STICKY! Babies learn about "sticky" from a sensory experience

When the ball of tape stays stuck to her hand, she develops a new theory.
 For decades early childhood educators have understood that children learn through experience.  Even for adults, this is true.  We realize that we learn more through the internship than the years of schooling leading up to it.  We know we can't learn to swim until we get in the water and try.

In 1938, educational philosopher/researcher John Dewey said:

“The scientific method is the only authentic means at our command for getting at the significance of our everyday experiences of the world in which we live...scientific method provides a working pattern of the way in which and conditions under which experiences are used to lead ever onward and outward.”

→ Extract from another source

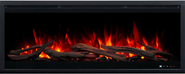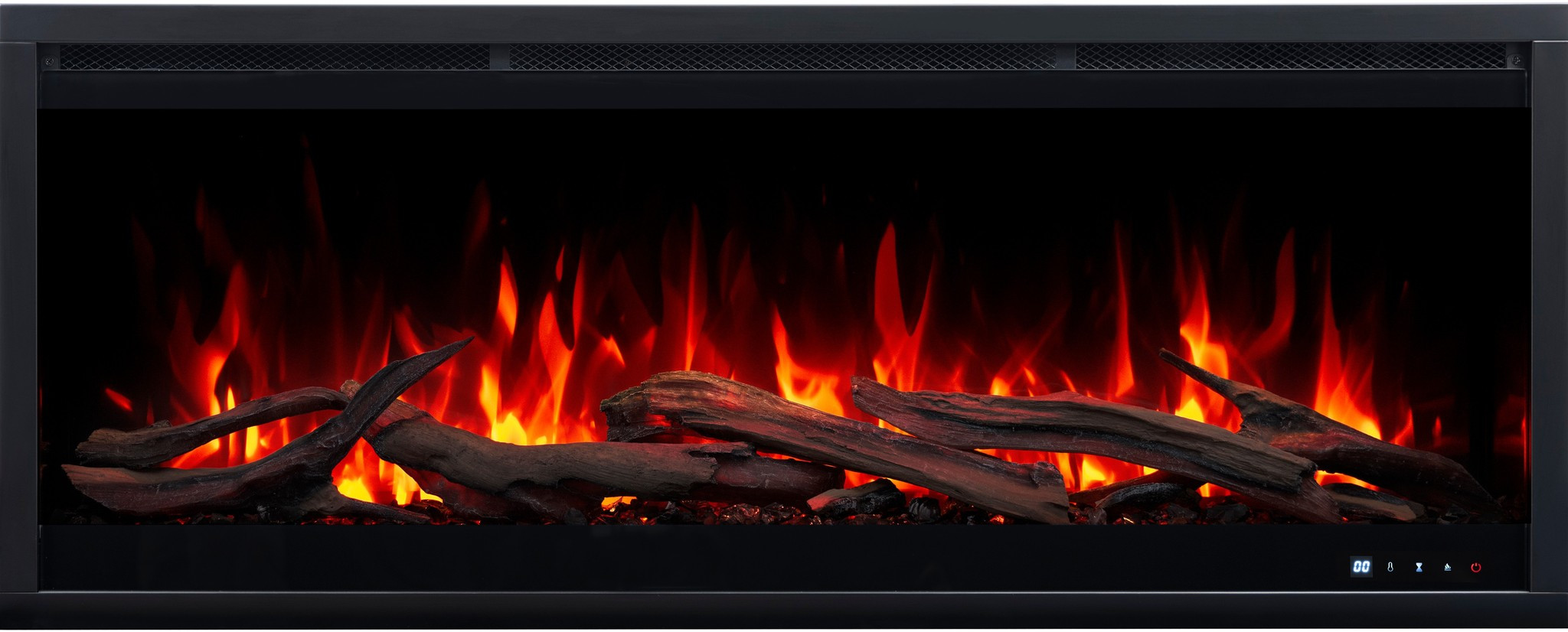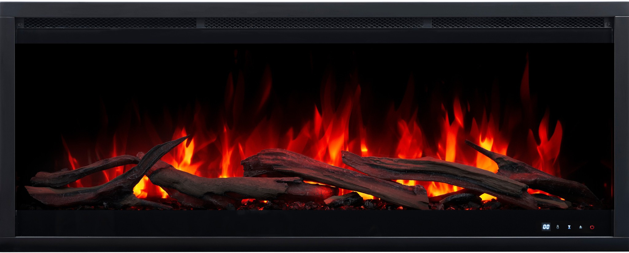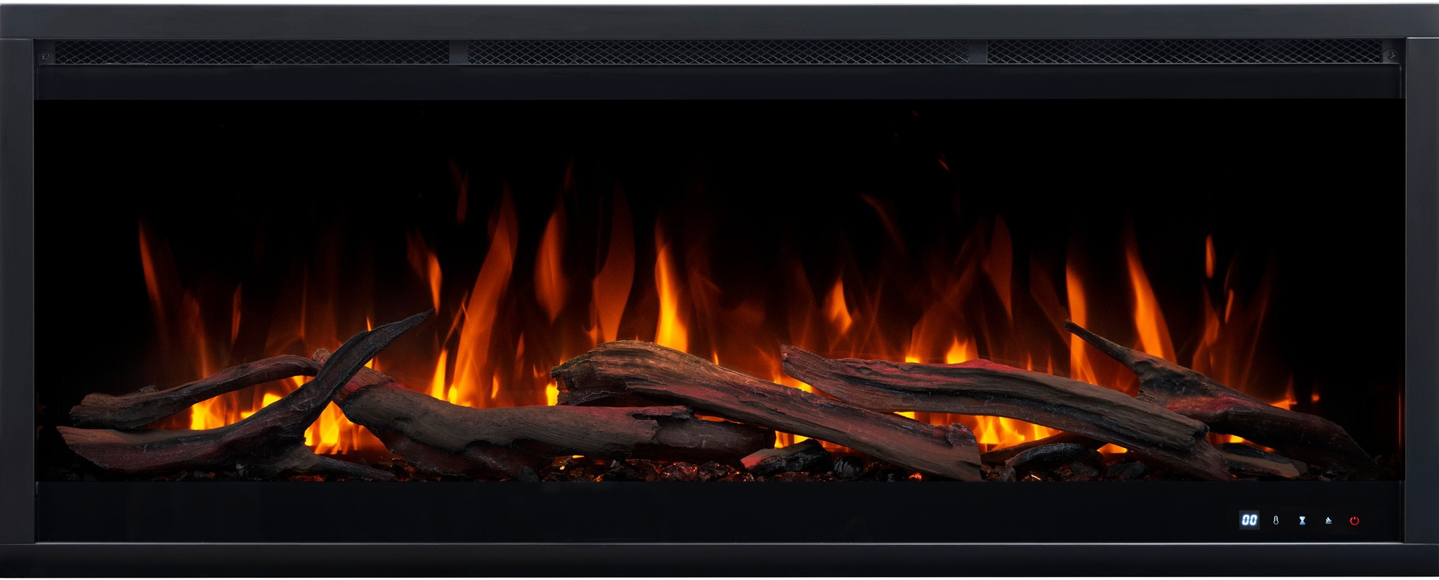 The Royal 3D fireplace comes with translucent logs that give the impression of glowing wood.
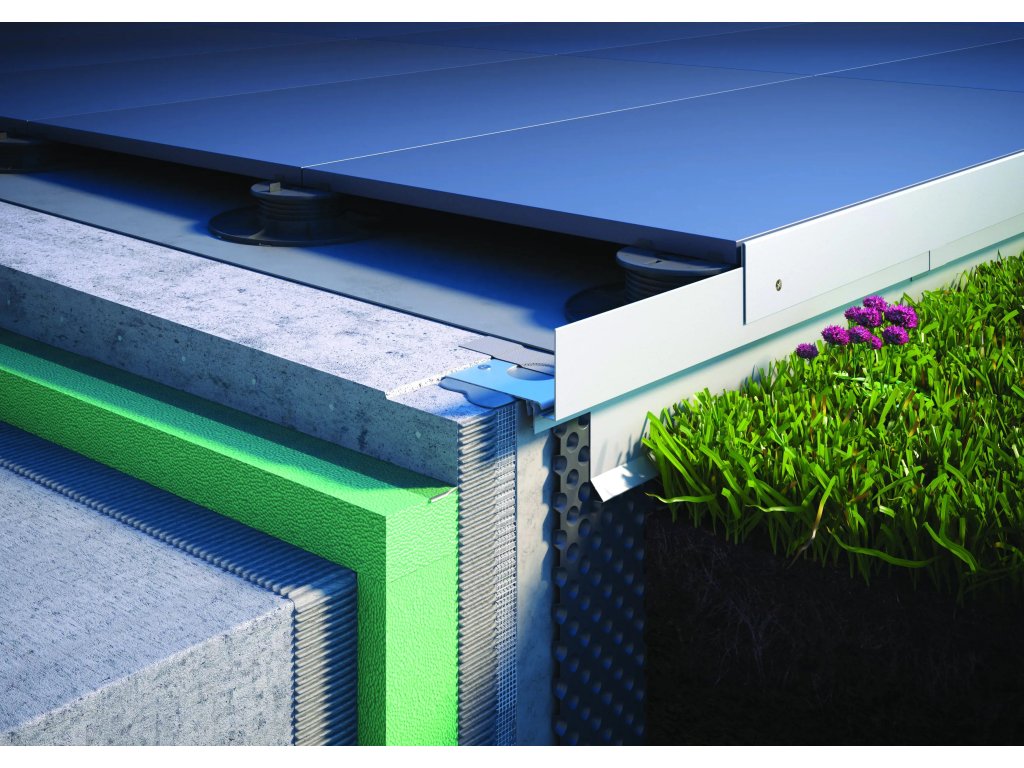 Na profil je možné pripevniť plech STONE/RT+, ktorý dokonale chráni čelo balkóna, terasy, prípadne zakryje opravené čelo po renovácii.

For infants and toddlers, every concept is a new one that must be explored and experienced with all of the senses-- much like a scientist would do. And like a scientist, young children use these experience to create theories in their minds about the nature of objects and the world around them.

We can talk about the concept of "sticky" with children (and yes, "sticky" is a concept, not just a word) but until they experience it, over and over and over again, it is meaningless.

For young children, they can experience sticky when they eat pancakes for breakfast, and get syrup on their hands.  Notice them experiencing it-- pressing their hands together and then pulling them apart; making a fist, and then opening their hands; squeezing their fingers together and then spreading them apart.  We're quick to clean their hands-- because as adults, we usually experience sticky as gross and unpleasant. 


 Children can also experience sticky with tape, as they did in the Maple Room classroom this morning.  They experienced it with their hands, as they balled up the tape and tried to set it down; they experienced it by trying to peel it off the table; they experienced it by trying (unsuccessfully) to shake it off of their shoes.  And as they experienced it, they built and reshaped theories in their minds, building new neural pathways all the while.

A young toddler knows that if she opens her hand, a ball drops to the floor and she assumes the same is true for every object. That's her theory based on her previous experiences.  When the ball of tape instead stays stuck to her hand, she has to modify that theory to include what happens to objects that are sticky. Sometimes sticky objects don't fall.

At the YCCF, we offer children a variety of experiences, including sensory ones, because we know that this is how the natural way that they learn about the world.